Annalee Newitz has a succinct, bittersweet message for the human race: Mass extinction is coming, and we’re probably going to survive it. Whether it’s manmade (a nuclear holocaust,anthropogenic climate change), earth-spawned (mega-volcanoes, a pandemic) or of the cosmic variety (radiation bombardment or an asteroid impact), there’s eventually going to be catastrophe big enough to snuff out the vast majority of life on Earth.
The eventual plausibility of these events is precisely why our religion, science, and pop culture is obsessed with the end times. It’s not just that it’s in our egotistical human nature to perpetually imagine ourselves as standing among the last age of man—it’s that there’s an ironclad precedent or five for large-scale planetary die-outs. Earth has been through this before, and Newitz, who is the editor of another future site, io9, knows this better than anyone. Her book, Scatter, Adapt, and Remember: How Humans Will Survive a Mass Extinction, details the five major mass die-offs that have racked the planet in the past, and plumbs the story of the survivors of each for advice on how humanity might make it through the next one.
It seems like we’re keen to obsess over the Last Days—Walking Dead is one of the biggest cable shows ever,This is the End was this year’s idea of comedy, and films like Oblivion and After Earth dominate our cinemas—but we’re not doing much critical thinking about how they’ll actually unfold. Or how we might prepare for them.
What, I wondered aloud to Newitz recently, should humans do, specifically, to survive mass death?

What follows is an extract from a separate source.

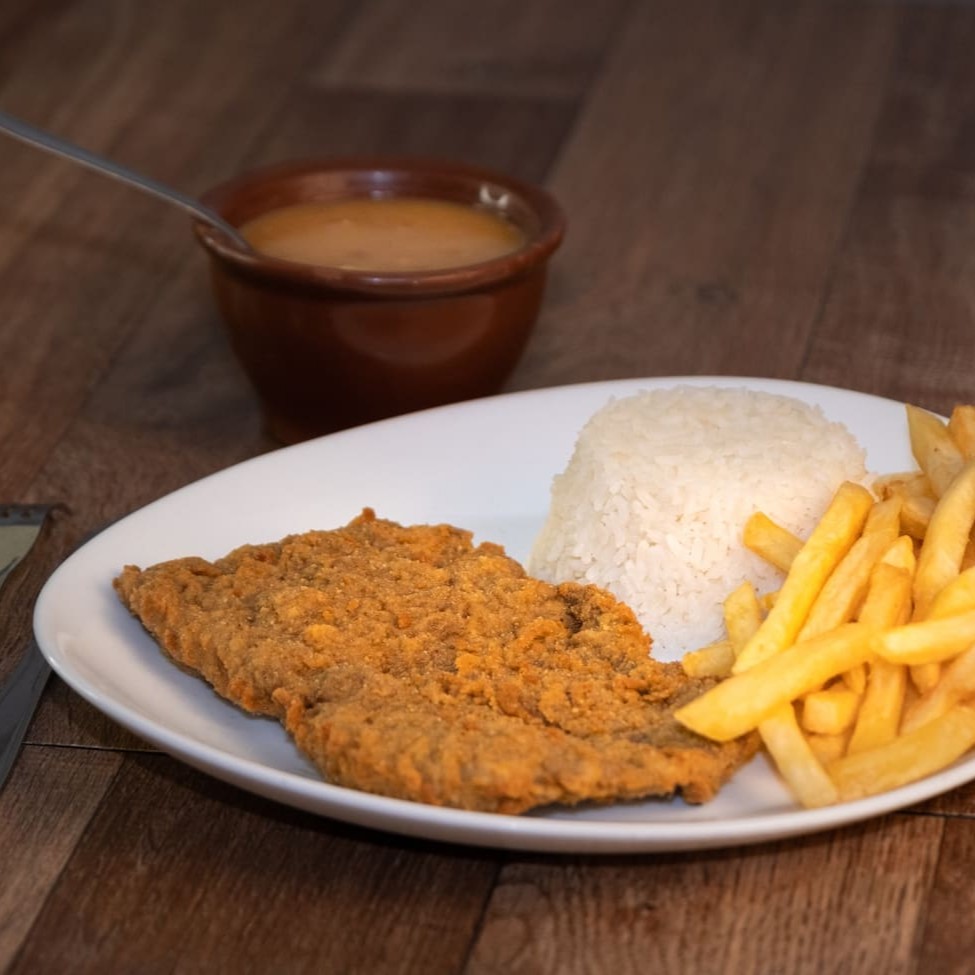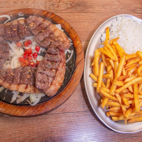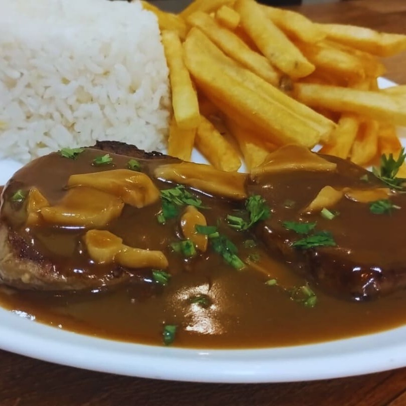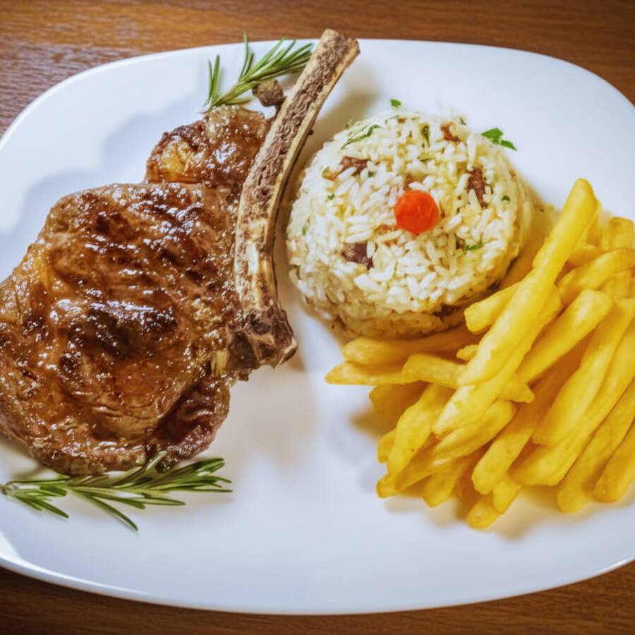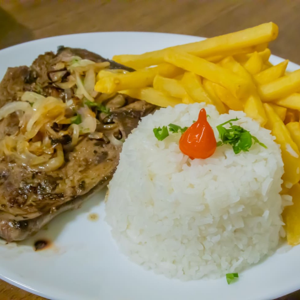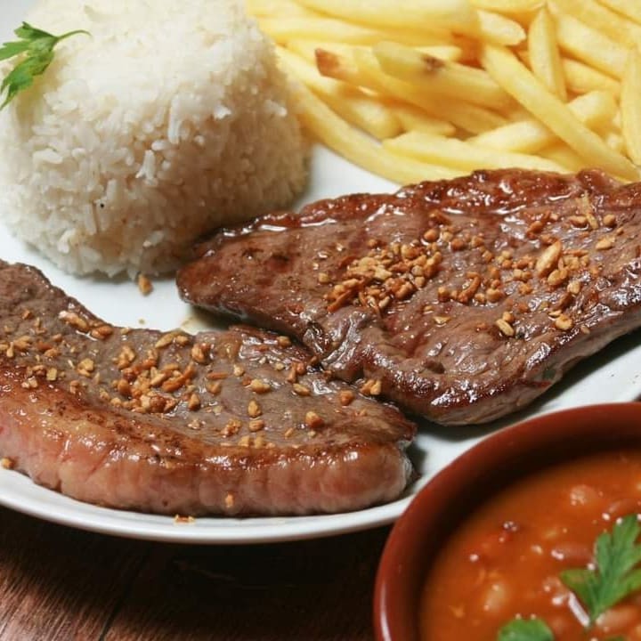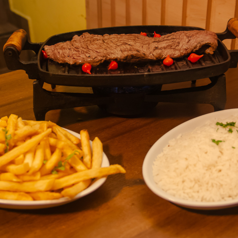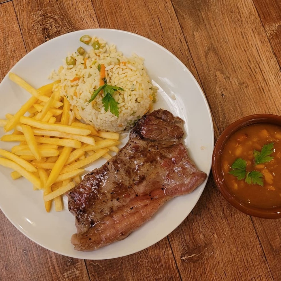 Corte Nobre da Carne Bovina, retirado da parte superior da costela. Acompanha Arroz Biro-Biro e Batata Frita Serve 1 pessoa

Three lessons from the book and our conversation seemed to bubble up to the top: If humanity is going to make it, we’re going to have to emulate the most resilient proto-mammals in geohistory, listen closely to the message of Occupy Wall Street, and start engineering our globe to prepare for major climate change—right now.
Newitz first shaped the theme of her book after researching the Great Dying—the worst extinction event in the planet’s history thus far. Some 250 million years ago, a series of geologic events caused a dramatic climatic shift that extinguished nearly 95 percent of the planet’s life. Newitz, a self-described “apocalypse buff” nonetheless found an unlikely wellspring of hope in the pernicious chaos.
“Not only was this horrific event going on for a really long time with mega-volcanoes and other problems, but then it took, possibly, about 30 million years for the planet to recover,” Newitz says. “And, I thought, how awesome is that? 30 million years of, basically, just giant crocodiles fighting each other in scum-filled sludge.”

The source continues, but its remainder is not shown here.